Qui défend les intérêts des Réunionnais ?

Deux mois plus tard, la présentation du projet de budget 2015 est en contradiction avec ces propos si enthousiastes. Le texte montre le fossé entre les promesses et les actes. Même les députés qui ont vanté le bilan de la visite de François Hollande sont obligés de reconnaître par écrit que le compte n’y est pas et qu’il a fallu qu’ils interviennent de nouveau pour qu’une partie de ce qui a été dit puisse avoir tout de même une chance d’être voté.
Cette situation pose deux questions.

Tout d’abord, comment expliquer qu’avec autant de députés de La Réunion membres de la majorité, les annonces de François Hollande à La Réunion ne se soient pas concrétisées dans le projet de loi présenté par le gouvernement ?
Ensuite, si le PCR n’avait pas alerté publiquement toutes les couches de la population, les députés auraient-ils été si prompts à réagir ?

Ce débat autour du projet de Budget 2015 permet en tout cas de constater que l’objectif du gouvernement est clair : l’austérité doit s’appliquer à La Réunion même si sa situation est sans aucune comparaison avec celle de la France.

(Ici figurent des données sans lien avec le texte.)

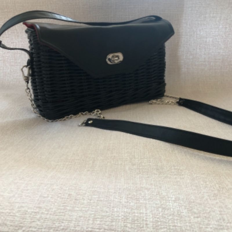 Оригинальное черная сумочка, очень аккуратная и красивая. Будет спутницей на прогулках и заставит прохожих оглядываться с восхищением! Внутри сумочки мягкая подкладка. Клапан на застежку, ручка и длинный ремень на цепочке с карабинами. Сумочка сплетена из бумажной лозы, обработанная защитными средствами высокого качества без запаха и вредных примесей. Очень прочная, влагостойкая. Она не размокнет под дождем, проверено! Эта красавица сейчас в наличии. В подарок - мешочек пыльник для хранения.
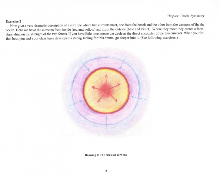 Auf dem zweiten Weg möchte ich stärker das künstlerische Empfinden der Kinder ansprechen und vor allem die Kreisform aus dem Zusammenwirken von Innerem und Äußerem auch farbig entstehen lassen. Dazu kommt eine drehende Bewegung. Diesen Weg konnte ich für die amerikanische Ausgabe farbig auf einer CD darstellen und füge den ersten Teil hier als Download bei.
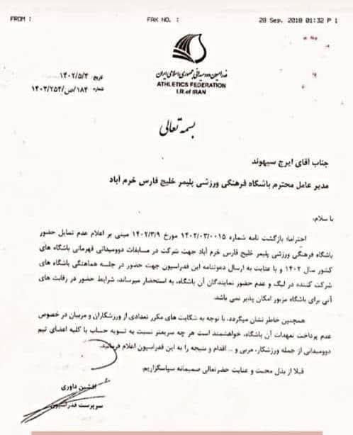اختلافات کار دست ورزش استان داد/مخالفت فدراسیون دوومیدانی با تیم داری لرستان در لیگ برتر دوومیدانی ایران

Or, si les interventions de dernière minute des députés sont suivies d’effet, elles ne remettent pas en cause l’essentiel : la baisse des dépenses de l’État, et la diminution de la subvention aux collectivités qui a des traductions bien concrètes pour la population. Ce qui veut dire que la situation va encore se dégrader après le vote de l’Assemblée.